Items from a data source
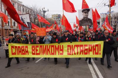 Полтысячи человек, которые пришли по собственной воле в будний день, а не были согнаны как на «день народного единства» в минувшую субботу – это хороший результат для столицы Дальневосточного федерального округа. Причем на митинге присутствовало немалое число молодых людей. У некоторых из них в руках были портреты деятелей революции – Ф.М. Дзержинского, Я.М. Свердлова, В.А. Антонова-Овсеенко и других. Кто-то отпросился с работы, кто-то взял отгул, кто-то использовал свое обеденное время, дабы поучаствовать в праздновании юбилея Революции.
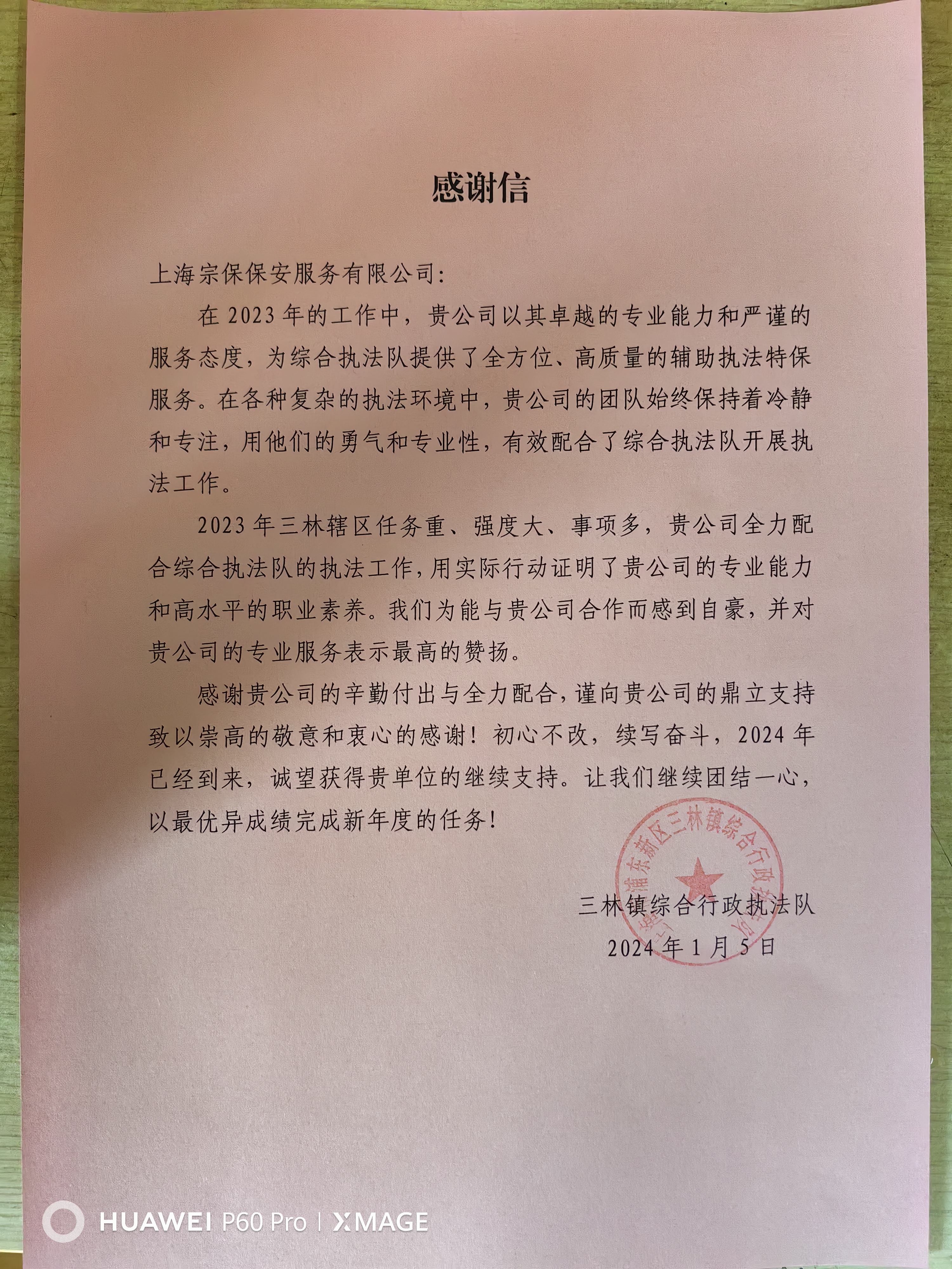 1月5日,宗保公司收到浦東新區(qū)三林鎮(zhèn)綜合行政執(zhí)法隊的感謝信,感謝公司對執(zhí)法隊工作的大力支持,表揚公司項目員工面對轄區(qū)輔助執(zhí)法任務(wù)重、強度大、事項多等情況,勤懇扎實、善作善為,以過硬的素質(zhì)和嚴(yán)謹(jǐn)?shù)膽B(tài)度,配合完成鎮(zhèn)執(zhí)法隊布署的環(huán)境整治等輔助執(zhí)法工作任務(wù),為改善三林鎮(zhèn)鎮(zhèn)容環(huán)境所作的貢獻(xiàn)和辛勤的付出。
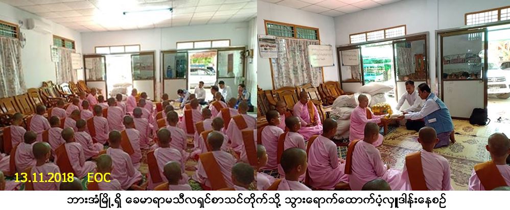 လူမှုဝန်ထမ်း၊ ကယ်ဆယ်ရေးနှင့် ပြန်လည်နေရာချထားရေးဝန်ကြီးဌာန၊ ဘေးအန္တရာယ်ဆိုင်ရာစီမံ ခန့်ခွဲမှုဦးစီးဌာန၊ ကရင်ပြည်နယ်ဦးစီးမှူးရုံးမှ တာဝန်ရှိသူများသည် ဘားအံမြို့၊ လှာကာကျေးရွာ၊ အမှတ် (၂) ဘီလပ်မြေစက်ရုံ အနီးရှိ ခေမာရာမသီလရှင်စာသင်တိုက်သို့ ဆန် (၁) တင်းခွဲ (၁၁) အိတ်၊ ဆီ (ဝ.၅) လီတာ (၃၀) ဗူး၊ ဆား (၁၀) ပိဿ (၁) အိတ်တို့ကို (၁၃-၁၁-၂၀၁၈) ရက်နေ့၊ နေ့လယ် (၂း၀၀) အချိန်တွင် သွားရောက် ထောက်ပံ့လှူဒါန်းခဲ့ပါကြောင်း သတင်းရရှိပါသည်။
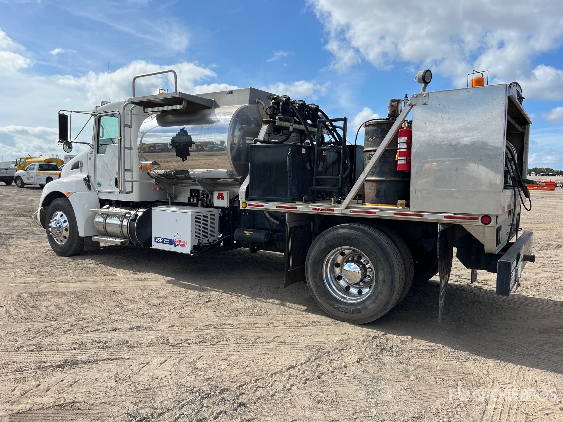 Paccar PX-9 6 Cylinder 8.9 L Diesel 300 hp Engine, 2021 US EPA Label, Requires Diesel Exhaust Fluid, 6407 Engine hrs, Engine Brake, Allison 3000 Automatic Transmission, 12000 lb Front Axle, 21000 lb Rears, 4.63:1 Axle Ratio, 33000 lb GVWR, Aluminum Wheels, 11R22.5, Spring Suspension, 213 in Wheelbase, PTO, oilsmens Body, 1000 gal Diesel Tank, ( 2 ) Oil Tanks, ( 7 ) Hose Reels, DEF Tank, Grease Barrel, hook, American eagle 45R PTO Air Compressor
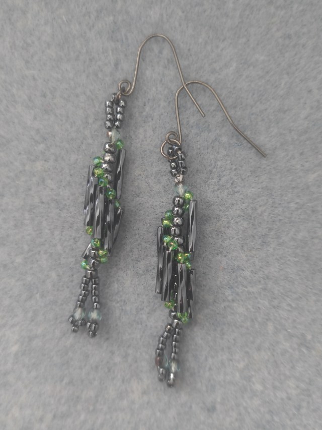 It doesn’t take long to make earrings that are about 4cm in length. I made some earring hooks out of gunmetal pins and attached them to a seed bead loop at the top.
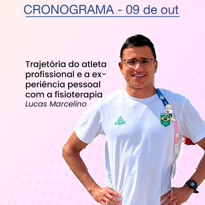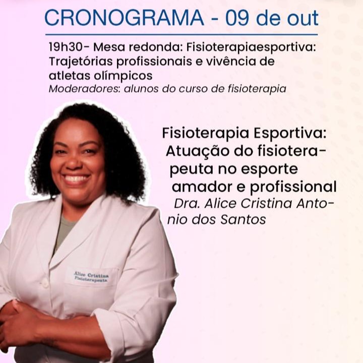 A partir das 19h30, os alunos do 10º termo conduzirão a Mesa Redonda Fisioterapia Esportiva: Trajetórias Profissionais e Vivência de Atletas Olímpicos”, com a participação da fisioterapeuta Dra. Alice Cristina Antônio dos Santos que vai falar sobre “Fisioterapia esportiva: atuação do fisioterapeuta no esporte amador e profissional”, e do atleta olímpico adamantinense Lucas Marcelino que falará sobre sua trajetória profissional e experiência pessoal com a fisioterapia.
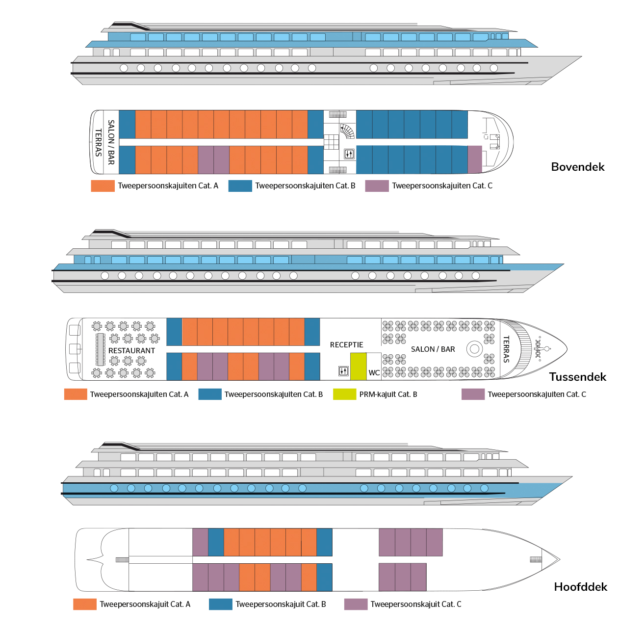 | Hoofddek | € 2.199 p.p. | € 2.799 p.p. |
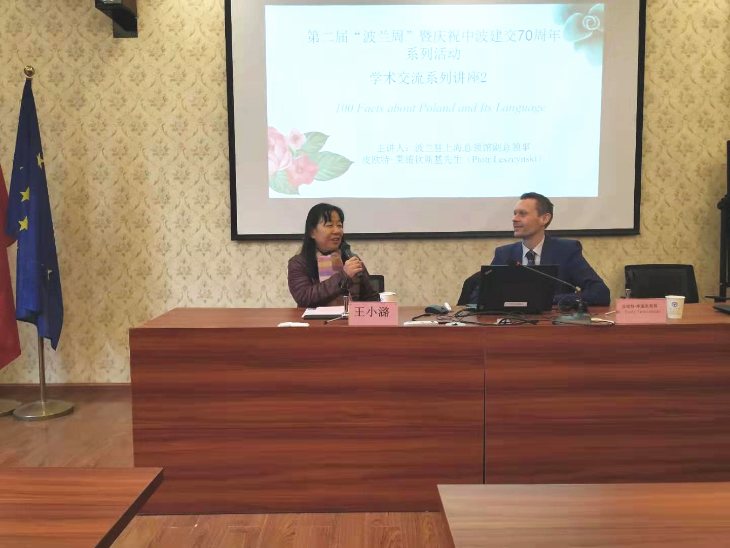 整场讲座,从波兰最古老的居民文化,到最早的书籍文字;从波兰最初的城市建设,到最古老的大学;从最早的国王,到最有趣的波兰人;全面地展示了历史悠久的波兰文化及其对语言的影响。副总领事表示他本人对语言十分感兴趣,对中国汉字文化尤为关注。他非常期待与公司师生的下一次交流,并对公司波兰研究中心第二届“波兰周”的系列活动表示了极大的肯定,希望未来双方有更密切的合作。

§ Brief:
The data above must be written out again word for word, without its pictures.

§ Solution for this exercise:
 Полтысячи человек, которые пришли по собственной воле в будний день, а не были согнаны как на «день народного единства» в минувшую субботу – это хороший результат для столицы Дальневосточного федерального округа. Причем на митинге присутствовало немалое число молодых людей. У некоторых из них в руках были портреты деятелей революции – Ф.М. Дзержинского, Я.М. Свердлова, В.А. Антонова-Овсеенко и других. Кто-то отпросился с работы, кто-то взял отгул, кто-то использовал свое обеденное время, дабы поучаствовать в праздновании юбилея Революции.
 1月5日,宗保公司收到浦東新區(qū)三林鎮(zhèn)綜合行政執(zhí)法隊的感謝信,感謝公司對執(zhí)法隊工作的大力支持,表揚公司項目員工面對轄區(qū)輔助執(zhí)法任務(wù)重、強度大、事項多等情況,勤懇扎實、善作善為,以過硬的素質(zhì)和嚴(yán)謹(jǐn)?shù)膽B(tài)度,配合完成鎮(zhèn)執(zhí)法隊布署的環(huán)境整治等輔助執(zhí)法工作任務(wù),為改善三林鎮(zhèn)鎮(zhèn)容環(huán)境所作的貢獻(xiàn)和辛勤的付出。
 လူမှုဝန်ထမ်း၊ ကယ်ဆယ်ရေးနှင့် ပြန်လည်နေရာချထားရေးဝန်ကြီးဌာန၊ ဘေးအန္တရာယ်ဆိုင်ရာစီမံ ခန့်ခွဲမှုဦးစီးဌာန၊ ကရင်ပြည်နယ်ဦးစီးမှူးရုံးမှ တာဝန်ရှိသူများသည် ဘားအံမြို့၊ လှာကာကျေးရွာ၊ အမှတ် (၂) ဘီလပ်မြေစက်ရုံ အနီးရှိ ခေမာရာမသီလရှင်စာသင်တိုက်သို့ ဆန် (၁) တင်းခွဲ (၁၁) အိတ်၊ ဆီ (ဝ.၅) လီတာ (၃၀) ဗူး၊ ဆား (၁၀) ပိဿ (၁) အိတ်တို့ကို (၁၃-၁၁-၂၀၁၈) ရက်နေ့၊ နေ့လယ် (၂း၀၀) အချိန်တွင် သွားရောက် ထောက်ပံ့လှူဒါန်းခဲ့ပါကြောင်း သတင်းရရှိပါသည်။
 Paccar PX-9 6 Cylinder 8.9 L Diesel 300 hp Engine, 2021 US EPA Label, Requires Diesel Exhaust Fluid, 6407 Engine hrs, Engine Brake, Allison 3000 Automatic Transmission, 12000 lb Front Axle, 21000 lb Rears, 4.63:1 Axle Ratio, 33000 lb GVWR, Aluminum Wheels, 11R22.5, Spring Suspension, 213 in Wheelbase, PTO, oilsmens Body, 1000 gal Diesel Tank, ( 2 ) Oil Tanks, ( 7 ) Hose Reels, DEF Tank, Grease Barrel, hook, American eagle 45R PTO Air Compressor
 It doesn’t take long to make earrings that are about 4cm in length. I made some earring hooks out of gunmetal pins and attached them to a seed bead loop at the top.
 A partir das 19h30, os alunos do 10º termo conduzirão a Mesa Redonda Fisioterapia Esportiva: Trajetórias Profissionais e Vivência de Atletas Olímpicos”, com a participação da fisioterapeuta Dra. Alice Cristina Antônio dos Santos que vai falar sobre “Fisioterapia esportiva: atuação do fisioterapeuta no esporte amador e profissional”, e do atleta olímpico adamantinense Lucas Marcelino que falará sobre sua trajetória profissional e experiência pessoal com a fisioterapia.
 | Hoofddek | € 2.199 p.p. | € 2.799 p.p. |
 整场讲座,从波兰最古老的居民文化,到最早的书籍文字;从波兰最初的城市建设,到最古老的大学;从最早的国王,到最有趣的波兰人;全面地展示了历史悠久的波兰文化及其对语言的影响。副总领事表示他本人对语言十分感兴趣,对中国汉字文化尤为关注。他非常期待与公司师生的下一次交流,并对公司波兰研究中心第二届“波兰周”的系列活动表示了极大的肯定,希望未来双方有更密切的合作。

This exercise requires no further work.